* ACTION ITEM
Using only the entries below, copy exactly the lines that begin at the one with "Flat Cap Gentleman" and end at the one with "This is a 2022", both included. Drop the pictures.

* EXERCISE INPUT
*-*-*
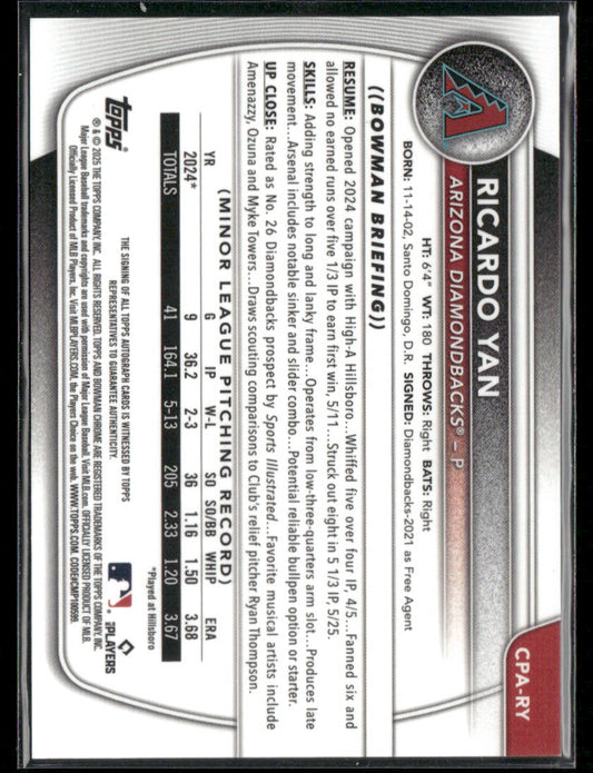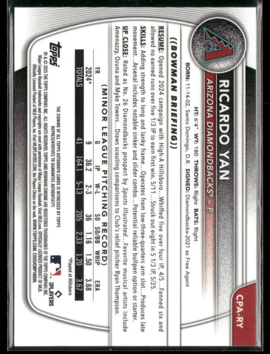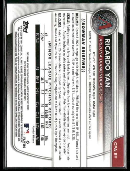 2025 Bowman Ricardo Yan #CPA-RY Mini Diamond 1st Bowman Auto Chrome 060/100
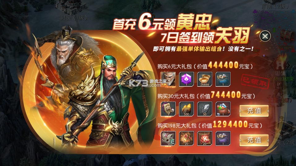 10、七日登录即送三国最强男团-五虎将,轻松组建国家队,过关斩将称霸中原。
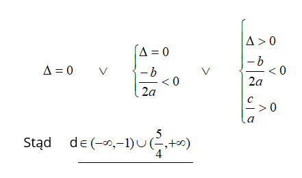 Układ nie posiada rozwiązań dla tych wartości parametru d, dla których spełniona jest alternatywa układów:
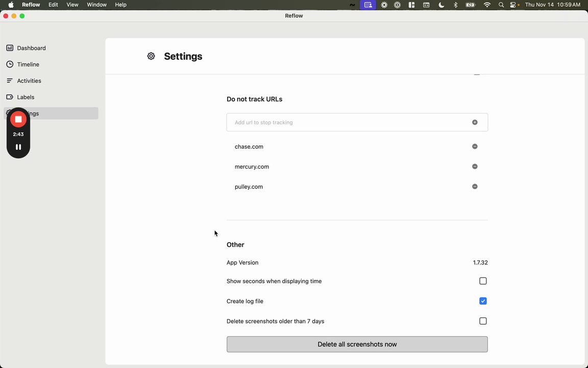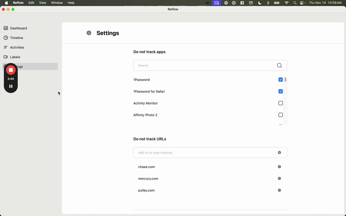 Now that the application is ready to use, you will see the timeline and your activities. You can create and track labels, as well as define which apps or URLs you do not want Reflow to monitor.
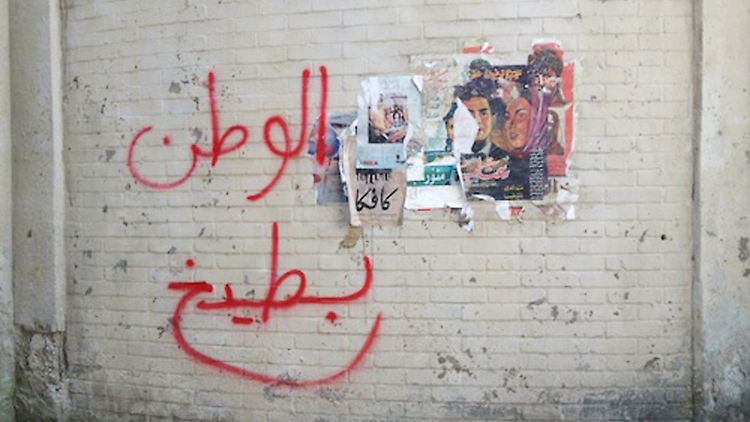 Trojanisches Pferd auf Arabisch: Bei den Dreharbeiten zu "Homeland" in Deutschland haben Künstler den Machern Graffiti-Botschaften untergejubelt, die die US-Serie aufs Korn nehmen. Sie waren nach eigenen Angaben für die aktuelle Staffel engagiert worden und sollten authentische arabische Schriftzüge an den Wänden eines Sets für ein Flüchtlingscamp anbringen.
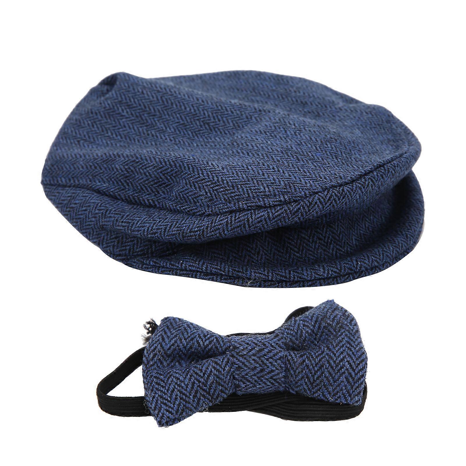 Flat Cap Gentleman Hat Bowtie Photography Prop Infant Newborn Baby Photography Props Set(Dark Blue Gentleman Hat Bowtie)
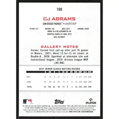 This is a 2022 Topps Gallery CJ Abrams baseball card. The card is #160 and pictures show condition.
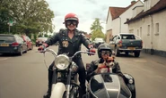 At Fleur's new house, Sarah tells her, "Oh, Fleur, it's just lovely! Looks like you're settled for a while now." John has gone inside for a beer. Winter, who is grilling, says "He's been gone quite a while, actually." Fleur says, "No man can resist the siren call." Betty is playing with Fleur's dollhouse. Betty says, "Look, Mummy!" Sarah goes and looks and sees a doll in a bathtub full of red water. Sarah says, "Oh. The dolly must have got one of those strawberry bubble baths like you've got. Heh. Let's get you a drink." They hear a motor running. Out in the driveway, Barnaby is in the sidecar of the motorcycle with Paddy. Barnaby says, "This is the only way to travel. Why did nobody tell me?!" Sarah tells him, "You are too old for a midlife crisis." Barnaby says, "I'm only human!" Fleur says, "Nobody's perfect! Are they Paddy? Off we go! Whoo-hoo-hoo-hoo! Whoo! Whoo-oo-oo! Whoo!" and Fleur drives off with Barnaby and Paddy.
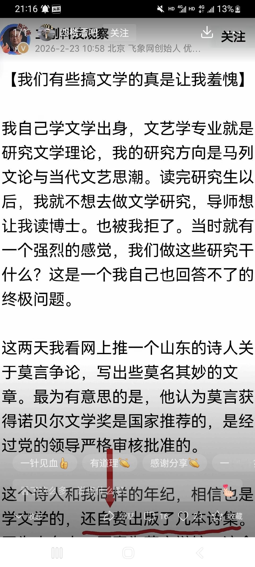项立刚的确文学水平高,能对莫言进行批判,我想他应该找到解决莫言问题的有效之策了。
*-*-*
* EXPECTED ANSWER
 Flat Cap Gentleman Hat Bowtie Photography Prop Infant Newborn Baby Photography Props Set(Dark Blue Gentleman Hat Bowtie)
 This is a 2022 Topps Gallery CJ Abrams baseball card. The card is #160 and pictures show condition.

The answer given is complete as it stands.